» Problem to solve: Your copy of the entries below should hold exactly the lines from the one containing "吉里吉里海岸付近の側溝内に水道管を敷設 拡大表示 ダウンロード" to the one containing "พระวัดบางพูนคิดว่างูเหลือมติดท่อน้ำทิ้ง เรียกดับเพลิง ทต.บางพูน", inclusive, and no pictures.

..........

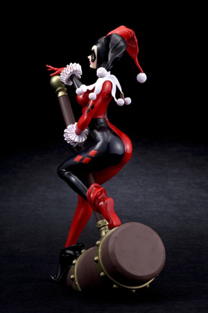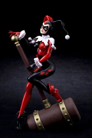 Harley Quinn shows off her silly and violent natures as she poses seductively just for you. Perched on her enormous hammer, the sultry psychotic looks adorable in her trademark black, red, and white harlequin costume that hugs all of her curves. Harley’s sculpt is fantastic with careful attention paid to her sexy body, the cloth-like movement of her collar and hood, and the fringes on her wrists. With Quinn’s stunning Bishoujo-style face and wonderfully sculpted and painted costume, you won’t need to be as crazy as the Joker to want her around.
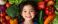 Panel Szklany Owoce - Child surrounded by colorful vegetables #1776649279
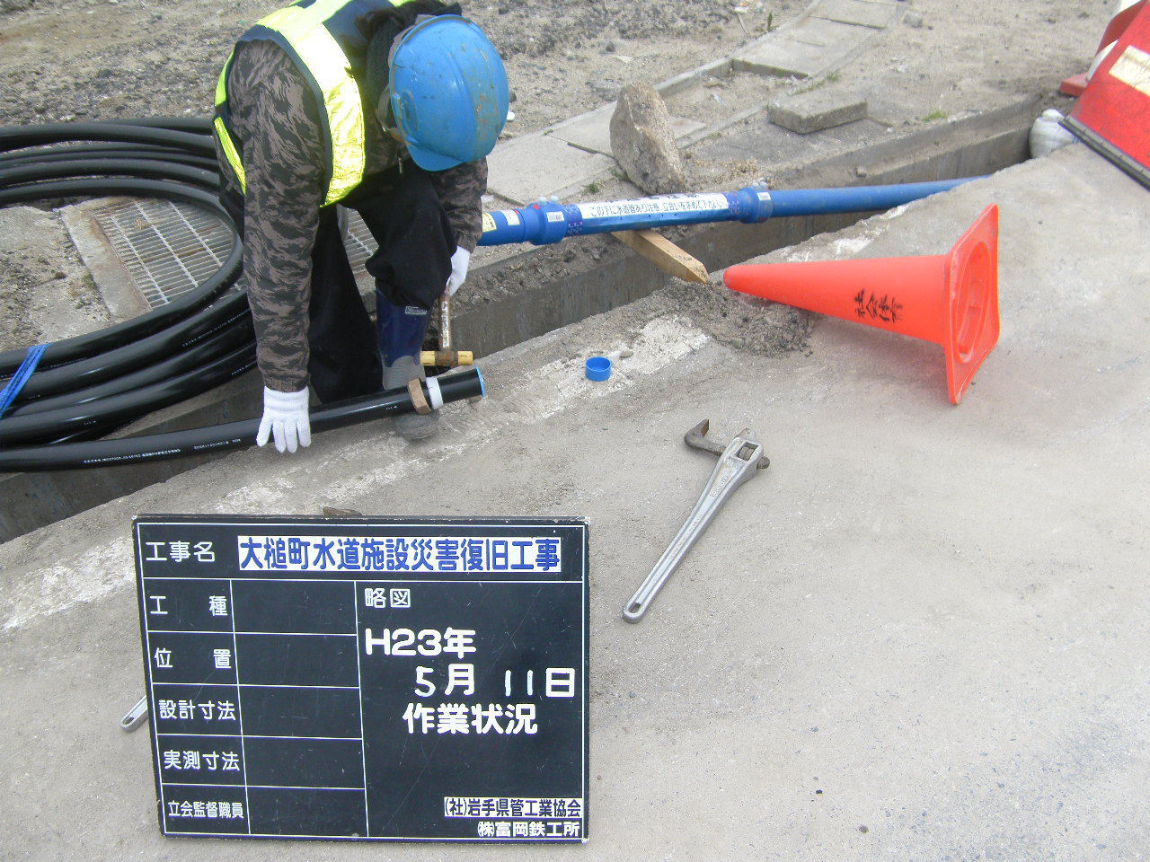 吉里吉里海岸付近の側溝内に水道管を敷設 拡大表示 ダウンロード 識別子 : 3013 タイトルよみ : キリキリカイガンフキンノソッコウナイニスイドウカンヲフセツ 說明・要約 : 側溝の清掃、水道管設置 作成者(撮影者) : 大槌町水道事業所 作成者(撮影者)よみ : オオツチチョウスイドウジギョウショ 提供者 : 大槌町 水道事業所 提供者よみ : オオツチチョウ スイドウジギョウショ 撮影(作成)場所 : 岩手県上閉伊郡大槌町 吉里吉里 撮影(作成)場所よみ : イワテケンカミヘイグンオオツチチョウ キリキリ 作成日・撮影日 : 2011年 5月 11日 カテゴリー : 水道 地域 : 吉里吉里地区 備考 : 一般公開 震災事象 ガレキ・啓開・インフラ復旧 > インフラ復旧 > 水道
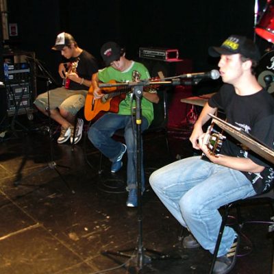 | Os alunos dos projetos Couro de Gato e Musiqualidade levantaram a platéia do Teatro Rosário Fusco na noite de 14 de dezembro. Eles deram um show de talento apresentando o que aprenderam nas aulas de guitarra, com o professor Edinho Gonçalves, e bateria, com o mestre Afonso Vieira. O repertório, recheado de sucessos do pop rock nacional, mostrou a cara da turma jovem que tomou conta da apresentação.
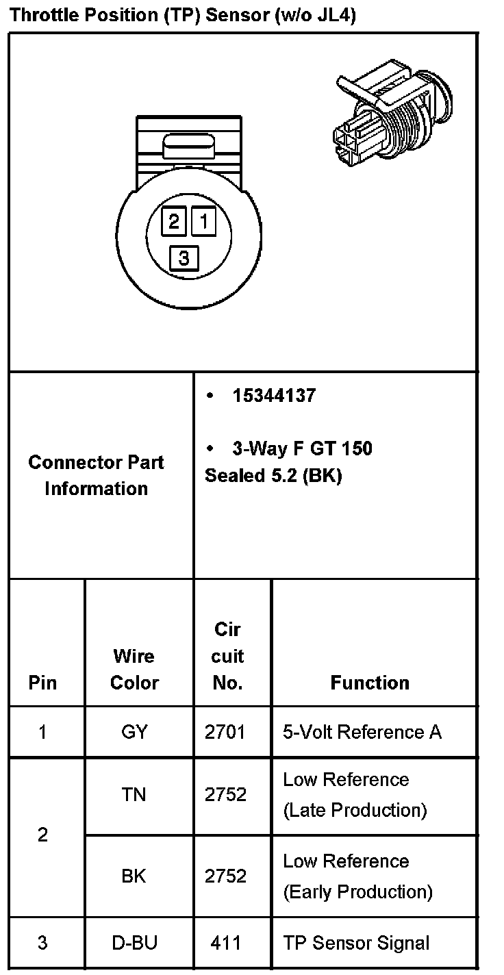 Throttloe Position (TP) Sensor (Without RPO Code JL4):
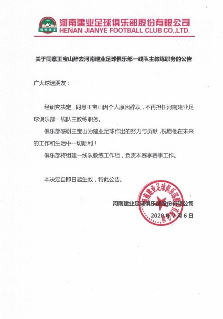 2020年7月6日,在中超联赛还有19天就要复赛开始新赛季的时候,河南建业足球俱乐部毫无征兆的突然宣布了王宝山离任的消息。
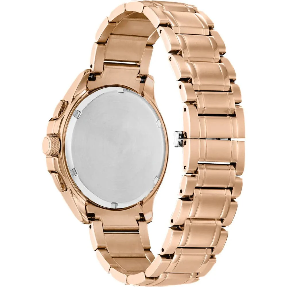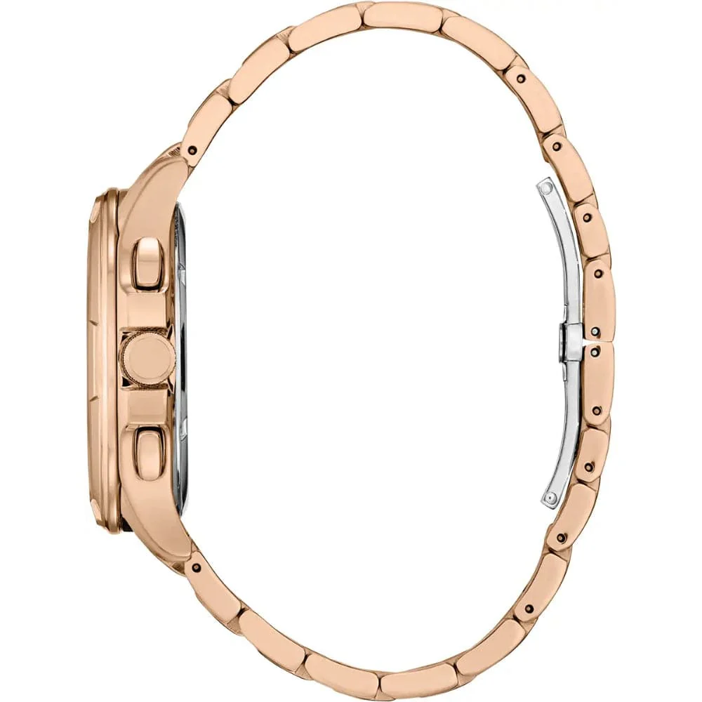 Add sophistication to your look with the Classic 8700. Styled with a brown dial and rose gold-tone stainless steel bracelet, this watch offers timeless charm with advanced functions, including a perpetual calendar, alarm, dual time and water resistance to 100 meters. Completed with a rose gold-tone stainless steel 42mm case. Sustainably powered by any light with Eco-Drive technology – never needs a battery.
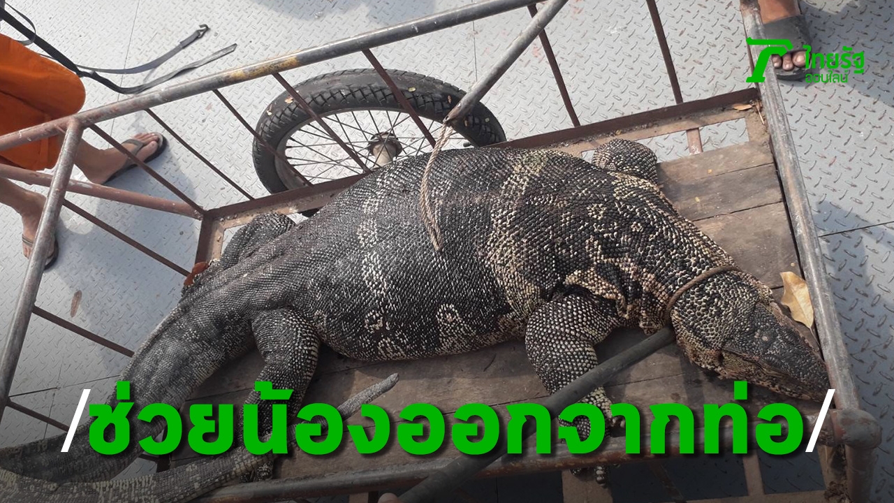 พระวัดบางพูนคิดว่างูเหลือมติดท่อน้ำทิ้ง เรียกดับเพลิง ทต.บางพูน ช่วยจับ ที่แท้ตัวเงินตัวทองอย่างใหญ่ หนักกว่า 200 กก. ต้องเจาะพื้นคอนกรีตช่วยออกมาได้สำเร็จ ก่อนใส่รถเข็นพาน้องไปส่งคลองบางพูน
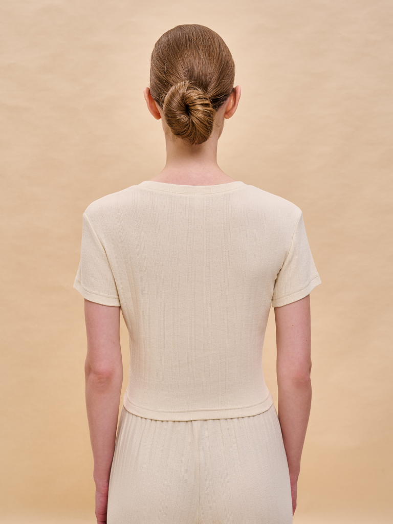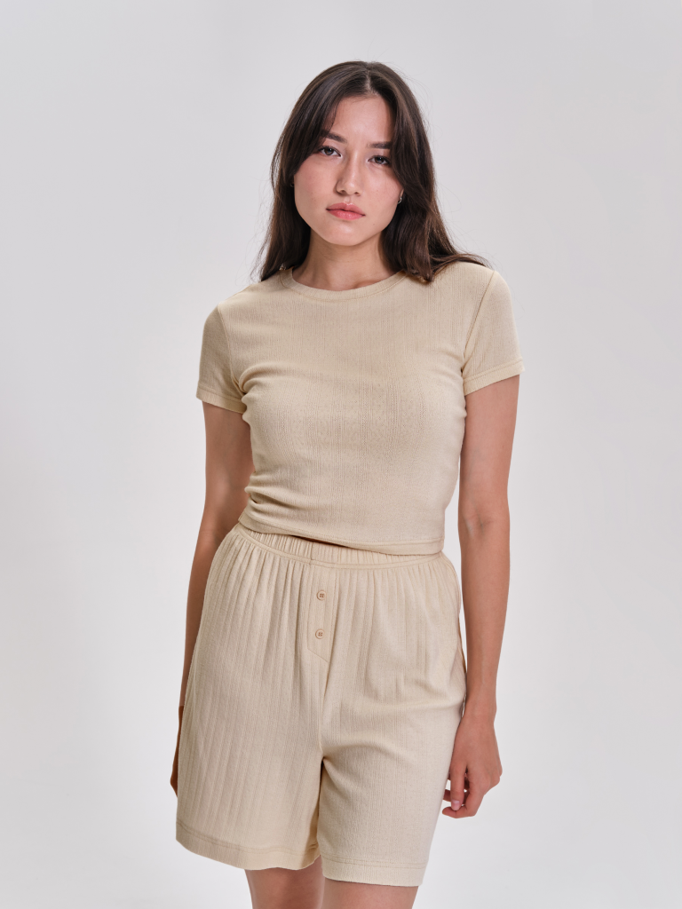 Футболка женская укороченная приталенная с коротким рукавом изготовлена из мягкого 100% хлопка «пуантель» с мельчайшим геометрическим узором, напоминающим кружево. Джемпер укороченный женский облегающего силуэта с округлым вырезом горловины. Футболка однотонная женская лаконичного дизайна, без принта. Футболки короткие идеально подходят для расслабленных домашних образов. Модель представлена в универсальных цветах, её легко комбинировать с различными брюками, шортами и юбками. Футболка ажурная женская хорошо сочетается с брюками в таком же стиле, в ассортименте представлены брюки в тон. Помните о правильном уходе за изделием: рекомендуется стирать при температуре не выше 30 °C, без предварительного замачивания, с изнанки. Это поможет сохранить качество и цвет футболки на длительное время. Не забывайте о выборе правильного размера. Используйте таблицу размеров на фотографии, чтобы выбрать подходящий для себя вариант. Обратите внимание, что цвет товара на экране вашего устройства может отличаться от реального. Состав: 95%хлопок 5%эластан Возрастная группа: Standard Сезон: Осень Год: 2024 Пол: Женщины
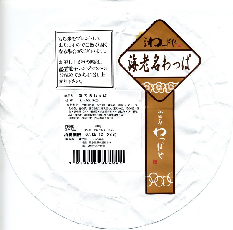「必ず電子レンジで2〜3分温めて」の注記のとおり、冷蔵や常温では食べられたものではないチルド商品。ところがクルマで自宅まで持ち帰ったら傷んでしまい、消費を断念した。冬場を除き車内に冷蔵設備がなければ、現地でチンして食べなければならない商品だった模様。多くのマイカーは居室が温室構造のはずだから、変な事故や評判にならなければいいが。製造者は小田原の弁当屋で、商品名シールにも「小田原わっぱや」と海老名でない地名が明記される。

..........

» Task response:
 吉里吉里海岸付近の側溝内に水道管を敷設 拡大表示 ダウンロード 識別子 : 3013 タイトルよみ : キリキリカイガンフキンノソッコウナイニスイドウカンヲフセツ 說明・要約 : 側溝の清掃、水道管設置 作成者(撮影者) : 大槌町水道事業所 作成者(撮影者)よみ : オオツチチョウスイドウジギョウショ 提供者 : 大槌町 水道事業所 提供者よみ : オオツチチョウ スイドウジギョウショ 撮影(作成)場所 : 岩手県上閉伊郡大槌町 吉里吉里 撮影(作成)場所よみ : イワテケンカミヘイグンオオツチチョウ キリキリ 作成日・撮影日 : 2011年 5月 11日 カテゴリー : 水道 地域 : 吉里吉里地区 備考 : 一般公開 震災事象 ガレキ・啓開・インフラ復旧 > インフラ復旧 > 水道
 | Os alunos dos projetos Couro de Gato e Musiqualidade levantaram a platéia do Teatro Rosário Fusco na noite de 14 de dezembro. Eles deram um show de talento apresentando o que aprenderam nas aulas de guitarra, com o professor Edinho Gonçalves, e bateria, com o mestre Afonso Vieira. O repertório, recheado de sucessos do pop rock nacional, mostrou a cara da turma jovem que tomou conta da apresentação.
 Throttloe Position (TP) Sensor (Without RPO Code JL4):
 2020年7月6日,在中超联赛还有19天就要复赛开始新赛季的时候,河南建业足球俱乐部毫无征兆的突然宣布了王宝山离任的消息。
 Add sophistication to your look with the Classic 8700. Styled with a brown dial and rose gold-tone stainless steel bracelet, this watch offers timeless charm with advanced functions, including a perpetual calendar, alarm, dual time and water resistance to 100 meters. Completed with a rose gold-tone stainless steel 42mm case. Sustainably powered by any light with Eco-Drive technology – never needs a battery.
 พระวัดบางพูนคิดว่างูเหลือมติดท่อน้ำทิ้ง เรียกดับเพลิง ทต.บางพูน ช่วยจับ ที่แท้ตัวเงินตัวทองอย่างใหญ่ หนักกว่า 200 กก. ต้องเจาะพื้นคอนกรีตช่วยออกมาได้สำเร็จ ก่อนใส่รถเข็นพาน้องไปส่งคลองบางพูน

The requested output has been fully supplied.